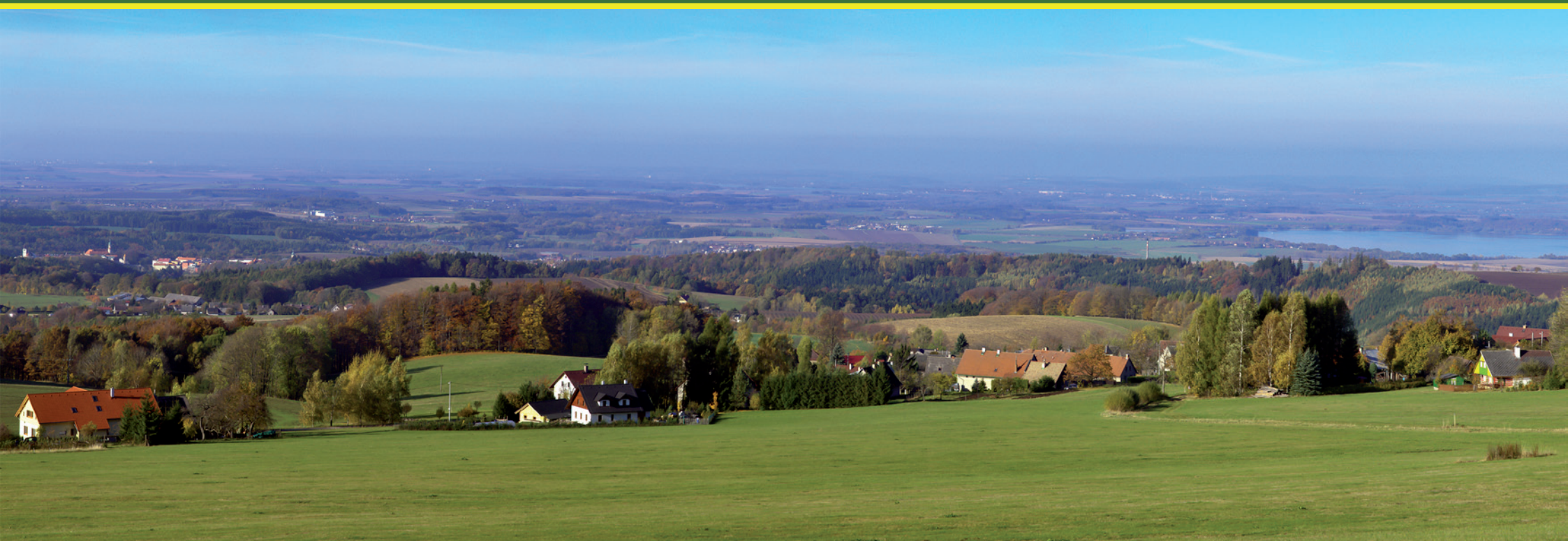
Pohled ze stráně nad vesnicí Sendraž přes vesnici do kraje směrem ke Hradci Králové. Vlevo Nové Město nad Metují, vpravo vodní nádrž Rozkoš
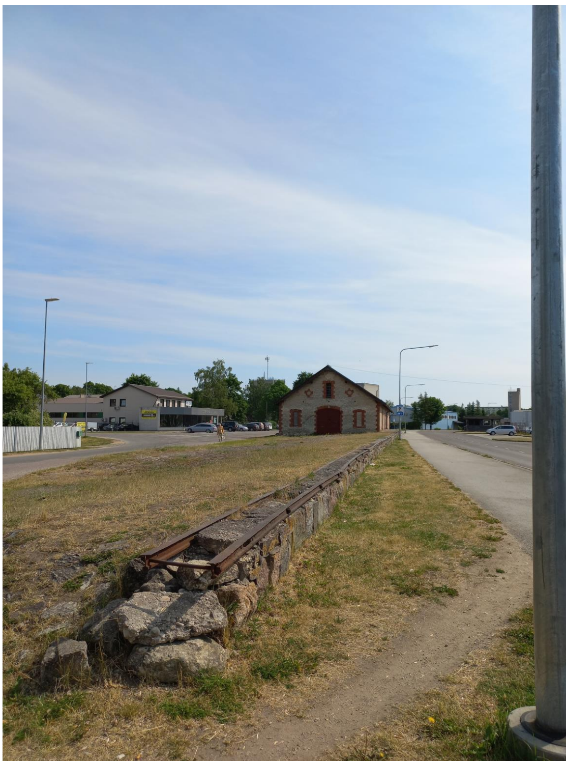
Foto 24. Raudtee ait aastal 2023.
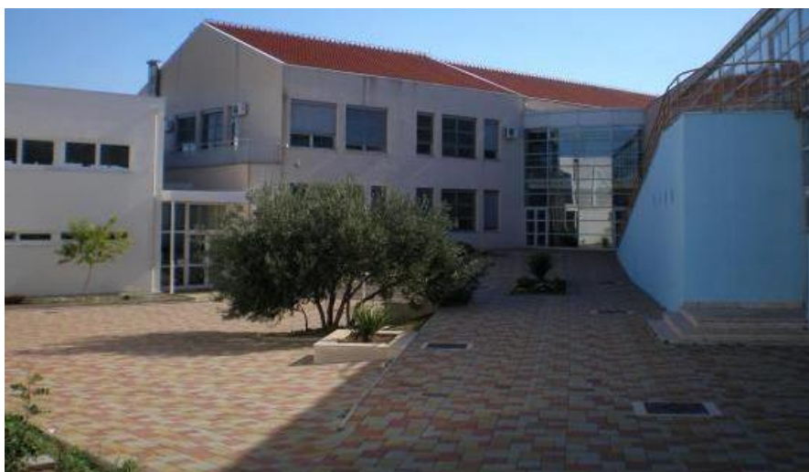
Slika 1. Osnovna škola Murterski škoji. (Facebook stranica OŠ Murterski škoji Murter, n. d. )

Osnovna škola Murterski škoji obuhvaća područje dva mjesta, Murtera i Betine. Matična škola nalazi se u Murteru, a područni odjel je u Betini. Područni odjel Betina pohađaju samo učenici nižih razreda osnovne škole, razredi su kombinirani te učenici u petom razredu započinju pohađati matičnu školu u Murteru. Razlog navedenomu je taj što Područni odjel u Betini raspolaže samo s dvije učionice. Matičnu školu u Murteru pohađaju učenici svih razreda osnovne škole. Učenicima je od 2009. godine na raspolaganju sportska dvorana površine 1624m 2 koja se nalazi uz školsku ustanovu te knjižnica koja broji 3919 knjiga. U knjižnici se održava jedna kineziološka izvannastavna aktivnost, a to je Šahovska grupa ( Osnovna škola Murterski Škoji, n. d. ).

===

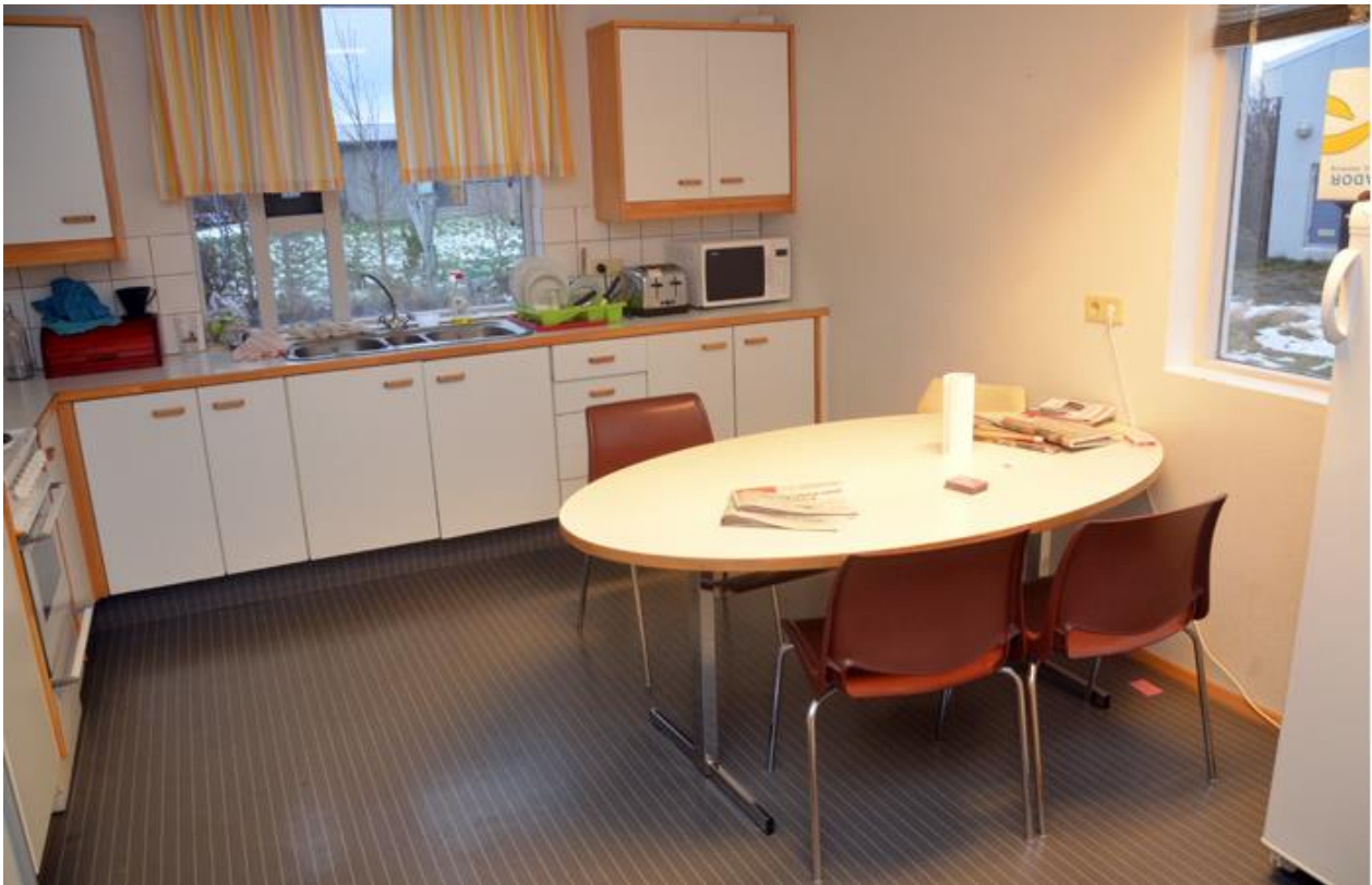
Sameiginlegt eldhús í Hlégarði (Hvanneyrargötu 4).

===

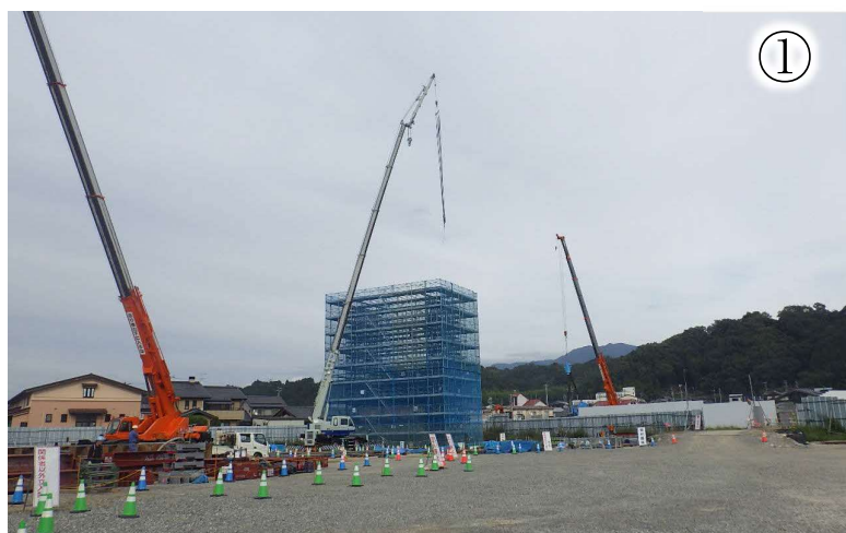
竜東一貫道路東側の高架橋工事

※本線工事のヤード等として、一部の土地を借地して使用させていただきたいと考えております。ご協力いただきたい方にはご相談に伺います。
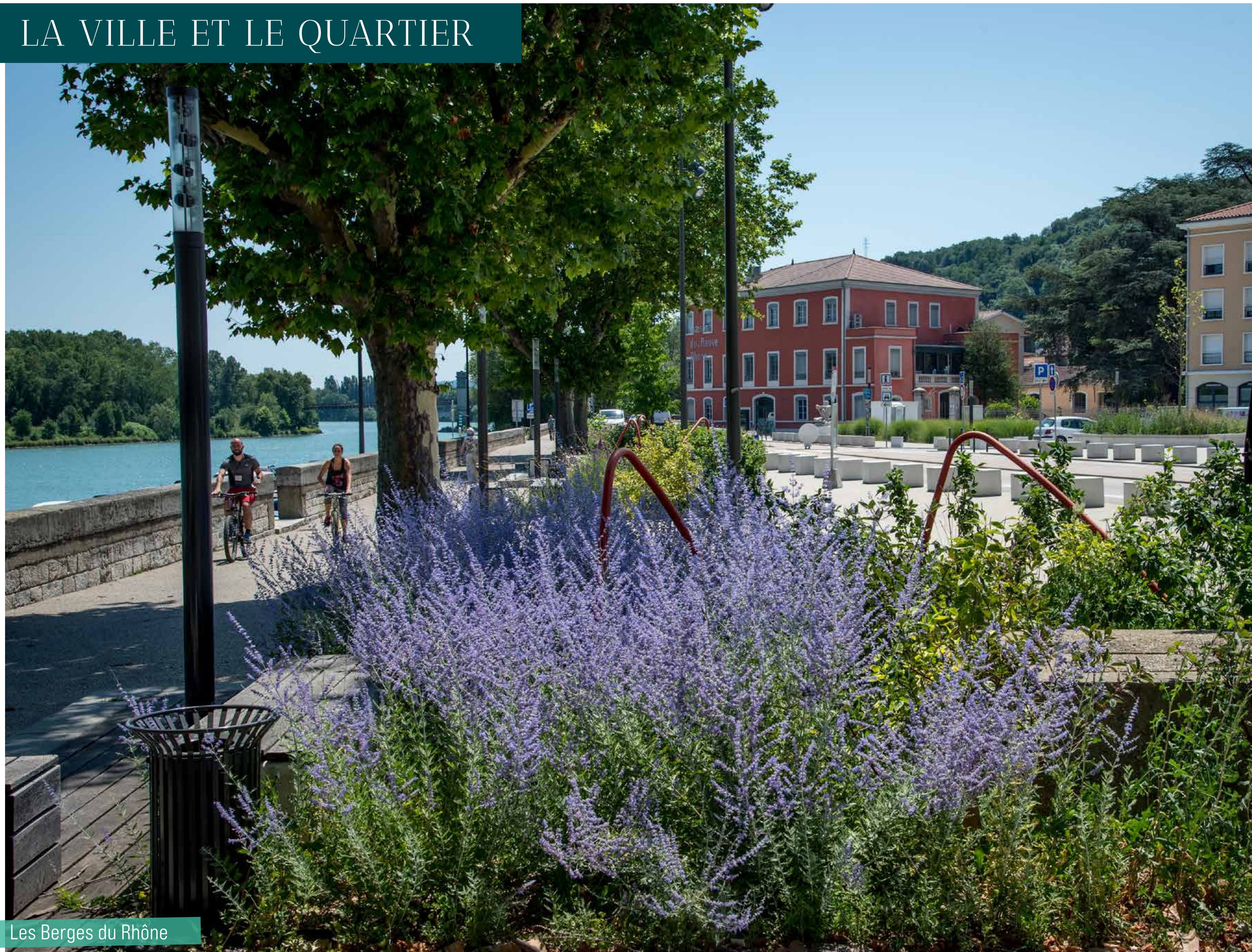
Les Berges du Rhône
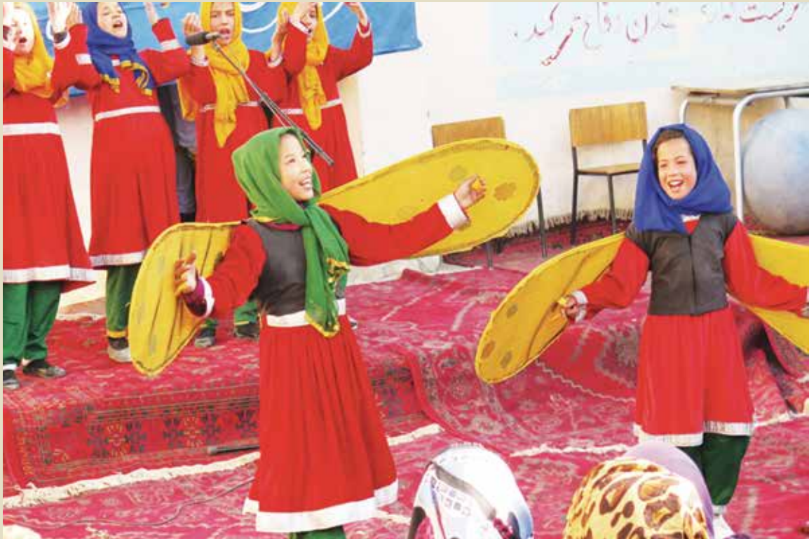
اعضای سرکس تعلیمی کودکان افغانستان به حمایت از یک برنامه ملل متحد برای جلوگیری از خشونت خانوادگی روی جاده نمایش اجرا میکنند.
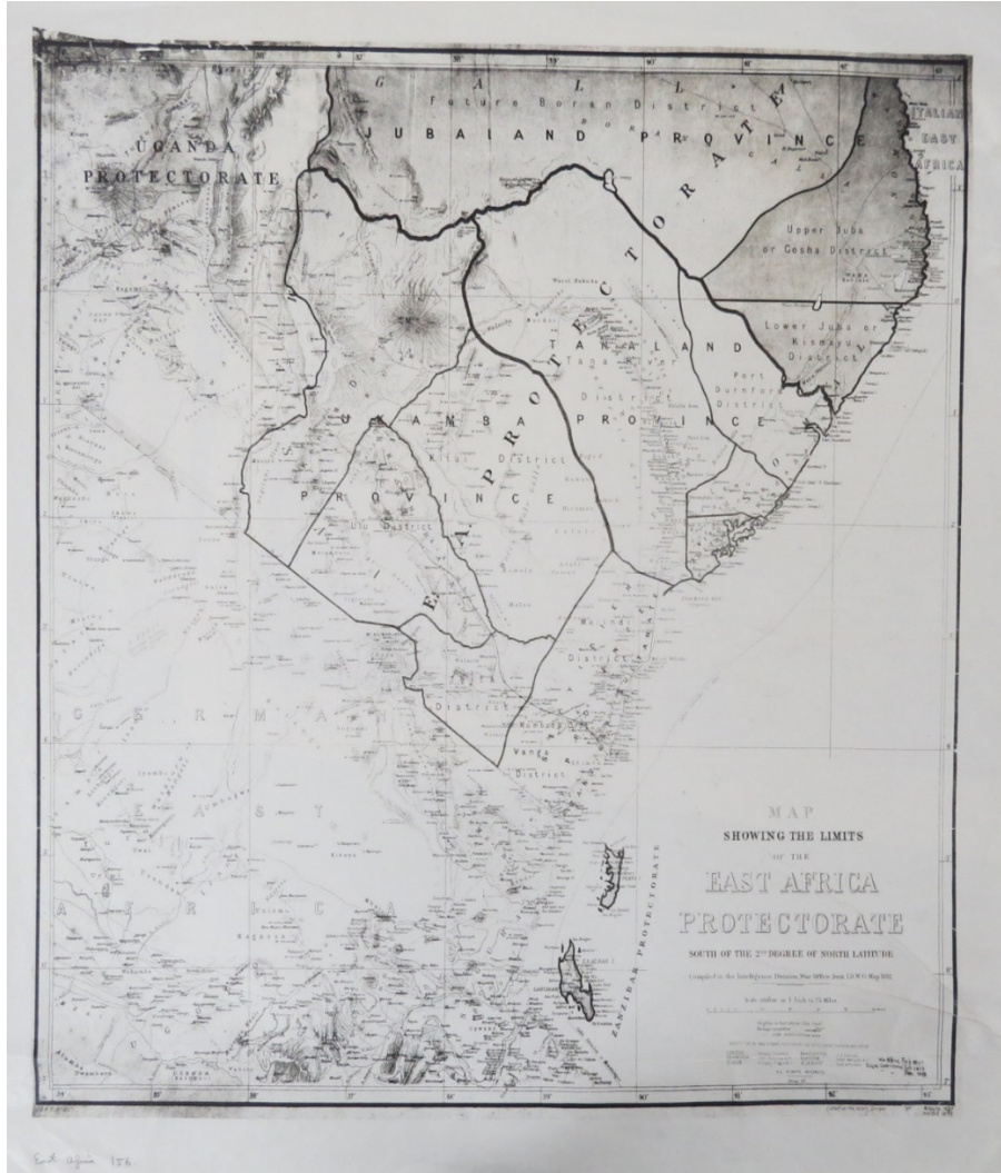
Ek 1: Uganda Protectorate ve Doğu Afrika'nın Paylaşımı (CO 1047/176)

===

> EXERCISE DESCRIPTION:
Taking the entries above, extract every line from the one bearing "Foto 24. Raudtee ait aastal 2023." through the one bearing "Osnovna škola Murterski škoji obuhvaća", exactly, with no pictures.

> WRITTEN RESPONSE:
Foto 24. Raudtee ait aastal 2023.
Slika 1. Osnovna škola Murterski škoji. (Facebook stranica OŠ Murterski škoji Murter, n. d. )

Osnovna škola Murterski škoji obuhvaća područje dva mjesta, Murtera i Betine. Matična škola nalazi se u Murteru, a područni odjel je u Betini. Područni odjel Betina pohađaju samo učenici nižih razreda osnovne škole, razredi su kombinirani te učenici u petom razredu započinju pohađati matičnu školu u Murteru. Razlog navedenomu je taj što Područni odjel u Betini raspolaže samo s dvije učionice. Matičnu školu u Murteru pohađaju učenici svih razreda osnovne škole. Učenicima je od 2009. godine na raspolaganju sportska dvorana površine 1624m 2 koja se nalazi uz školsku ustanovu te knjižnica koja broji 3919 knjiga. U knjižnici se održava jedna kineziološka izvannastavna aktivnost, a to je Šahovska grupa ( Osnovna škola Murterski Škoji, n. d. ).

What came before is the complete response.